DP-300 Microsoft Azure Database – Optimize Query Performance Part 3
5. 58. determine the appropriate type of execution plan
Now in this video we’re going to go a bit behind the scenes and have a look at execution plans. So what I’ve got here is a crossjoin. So I’m joining this table to itself. So if this table is giving me 450 rows then joining it to itself with no idea about how they actually join. I just want every single row compared against every single row will result in huge number of rows, 450 squared. Now I’m not so much interested in the results, you can see it’s taking a bit of a while but I want to show you three different types of execution plan. So the first one is an estimated plan. So the computer has a look at the select query and goes okay, I think it should take XYZ and here we go. If I click on this particular icon here so it says display estimated execution plan.
We don’t actually see the result, we see what is happening. So we have a clustered index scan, in fact a couple of them with a nested loop joining them together and then a select statement at the end. That’s the actual close at the end. So it’s doing the from first and then the select close. Now execution plans run from the right to the left and the arrow thickness represents the number of rows and you can hover over these arrows for more details.
So you can see if it’s thicker then it’s more rows. More estimated rows means more memory reserved. If it’s a particularly long running query and the computer thinks that it can divide share table up into two and then join together at the end, then it can introduce what’s called parallelism and we’ll be looking at that later on in other videos. Now I should point out that if you right and click you can also see the execution plan as an XML.
You can analyze the actual execution plan and you can zoom in and out and you can also see properties which come in on the right hand side. So that’s the estimated execution plan, it happens immediately without running the query. So the next thing I want to show you is the actual execution plan. So again if I run a simpler version of this then we get a third tab and you can see we have got the scam and it goes through to the select clause. So this is the actual as opposed to the estimated. So it includes additional runtime statistics and of course is what actually happened rather than computer thinking.
Well, I think there’s this number of rows, the amount of rows that are actually in each table in each view may have changed since the last query, it may not be 100% accurate. When you have the actual execution plan it is what is actually there. Now there is an alternate way to include these actual execution plan and that is to say set shore plan all on. So if I do that and run, then you can see that the result is no longer the actual table, but information about each of these stages.

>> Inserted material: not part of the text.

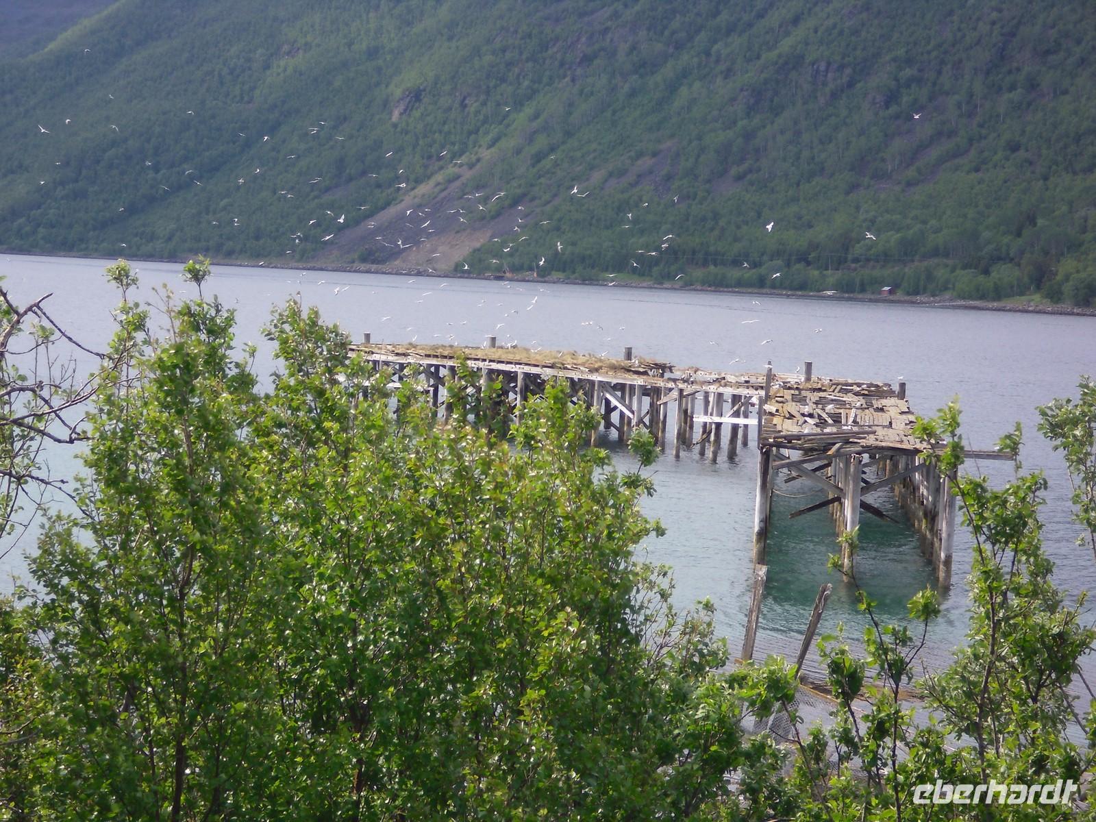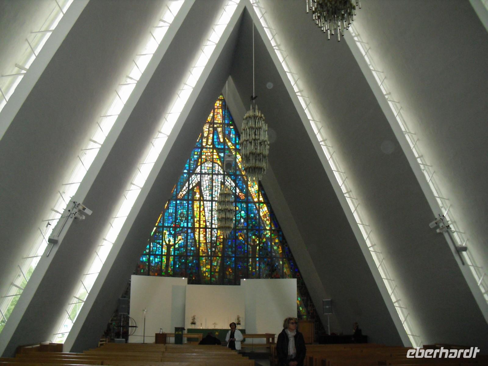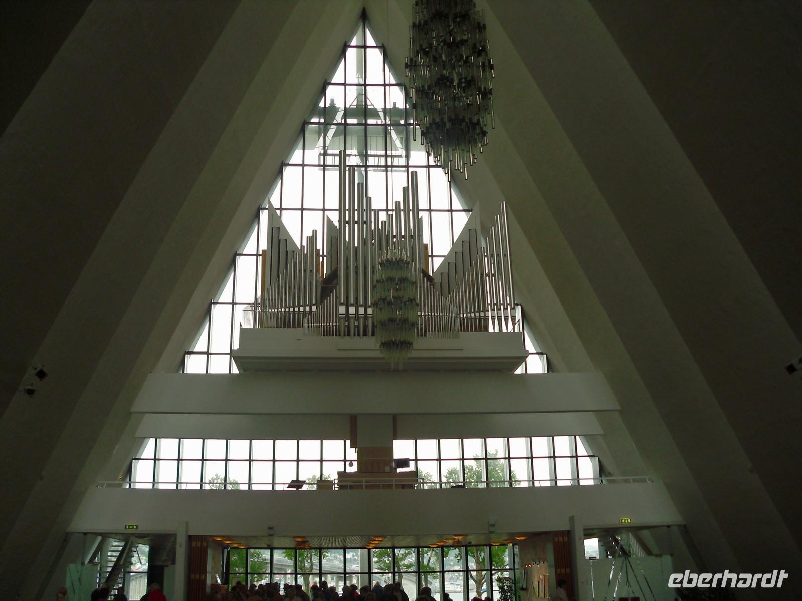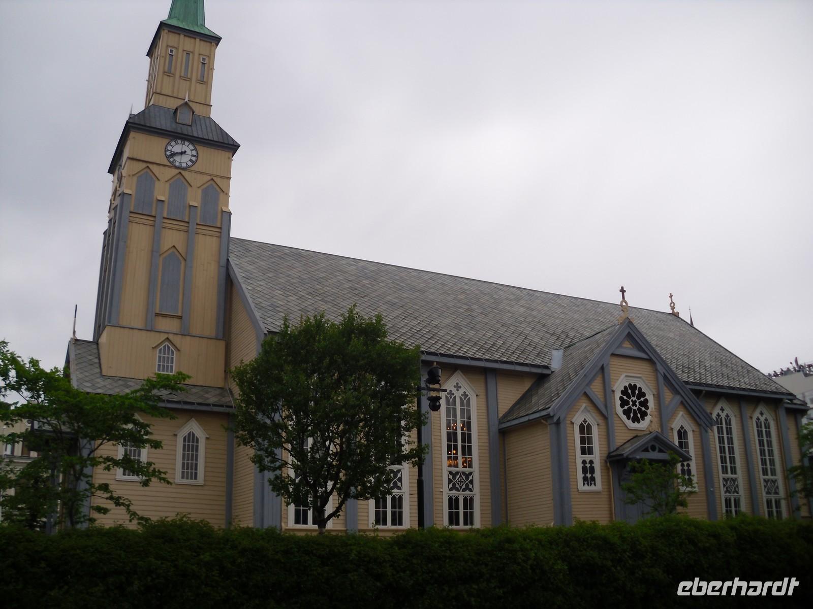 Heute Morgen besichtigen wir die fantastische Eismeerkathedrale, ihr Bau erinnert an die mächtigen Trockenfischgestelle in Nordnorwegen. Wir setzen unsere Fahrt heute im Regen fort, auch haben wir es etwas kälter als die letzten Tage. So kommt uns ein nächster Stopp bei den Samen an der E6 ganz recht. Im großen Zelt lodert ein wärmendes Feuer, auch die Rentiersuppe übern Feuer können wir kosten. Es wird fleißig Fotografiert und eingekauft, es gibt Rentiersalami. Über die Tjeldsundbrücke fahren wir hinein nach Harstad, immer noch bei Regen. Zur Halbinsel Trondenes führt uns der Weg, hier besichtigen wir die alte Steinkirche mit der noch im Original erhaltenen Eingangstür mit eingelassener Elle. Wegen der bevorstehenden Mitsommernacht findet hier zu später Stunde noch ein Konzert statt und dafür wird schon mal kräftig an der Orgel

So you’ve got it in table form. So I’ll say off now and an alternative is set Show Plan, text on. So now you can see it with separate queries showing execution information.
So neither of these versions set show plan, text or show plan. All will actually execute the statement, but it will show execution information. So let’s go back to our previous version, which has a separate tab for the actual execution plan. Now, that’s fine when it’s a short query, but what if it’s a long query like this? We don’t get the actual execution plan until it ends.
So instead what we can do is have live query statistics. I say instead we can also have it in addition to the actual execution plan. So if I were to click on this icon as well, so both the actual execution plan and live query statistics were being shown. Then here you can see the execution information as it’s actually happening. So you can see the number of seconds things are taking.
You can see the data flowing. Needless to say, it does take more time for the computer to process this, so I wouldn’t be doing this on every single query. You can also see how far the query has progressed. When it’s finished, then those dust moving lines become solid lines. And you can see it’s similar to the sort of information that we have with the actual execution plan. So these are the three different types of execution plans. Estimated execution Plan, actual execution plan and live query statistics. In the next video, we’ll have a look at how these tables can be joined together.
6. Different types of loops used in execution plans, and Scan and Seek
In this video we’re going to have a look at various ways of joining tables or views together and also the difference between a scan and a seek. Let’s have a look at this query. Select star from the address table, 450 rows. So the execution plan you can see that I’ve got include actual execution plan is a scan. So what does that mean? Well, it’s like if you take book and you start at page one and go all the way through to the end. So I’m now going to introduce a where clause, where the city’s buffalo. And let’s look. And there are only four items here, four rows. So ideally the computer knows where all of the four rows where the city is Buffal and it goes oh, this one, that one and these two. However, look, it’s still a scan, it’s not the case. And the reason is because we don’t have an index for City. So we’ve got index for other things. We’ve got index for state province.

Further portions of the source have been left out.